Professor Roger Guimerà (Department of Chemical Engineering, Universitat Rovira i Virgili)

Abstract

In complex systems, such as cells or economies, individual components interact with each other through complex networks of interactions that are neither totally regular nor totally random. This makes understanding complex systems challenging but, at the same time, it means that each network contains, hidden within its structure, important cues about how the system operates and evolves. For the last 20 years researchers have developed tools and models to characterize such complex networks, but only relatively recently have we started developing models and inference techniques that enable us to make predictions about complex networks. In this talk I will discuss some of these approaches, especially those based on Bayesian inference with stochastic block models. I will also discuss how these methods can be applied to some important network problems (for example, identifying potentially dangerous drug interactions), as well as to problems that, a priori, may seem totally unrelated to networks (for example, developing efficient recommender systems or understanding how individuals make strategic decisions).

Biography

Roger Guimerà (Barcelona, 1976) is an ICREA Research Professor at the Department of Chemical Engineering, Universitat Rovira i Virgili. Dr. Guimerà graduated in Physics at Universitat de Barcelona in 1998, and obtained a PhD in Chemical Engineering from Universitat Rovira i Virgili in 2003.

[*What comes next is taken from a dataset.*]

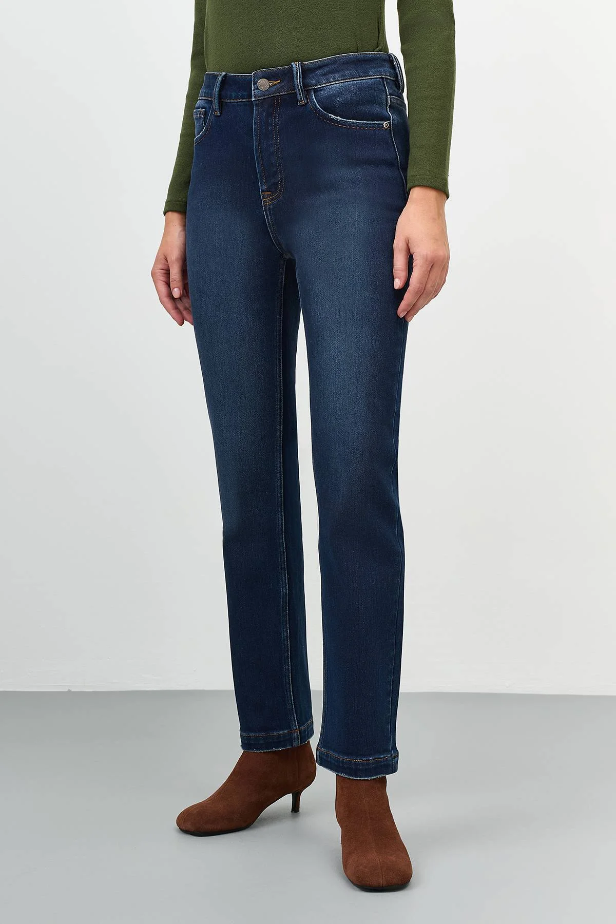 Утепленные джинсы с деликатной варкой. Прямой, слегка зауженный силуэт. Застежка на молнию и металлическую пуговицуу. Пять карманов. В составе спандекс.

He then moved to Northwestern University where he worked as a postdoctoral fellow and, later, as a Fulbright Scholar. In 2008 he became a Research Assistant Professor at Northwestern’s Department of Chemical and Biological Engineering, before accepting his current position at ICREA in 2010.

He has been awarded the Premi Nacional de Recerca al Talent Jove (2010), the Erdös-Rényi Prize in Network Science (2012), and the Young Scientist Award for Socio- and Econophysics (2014).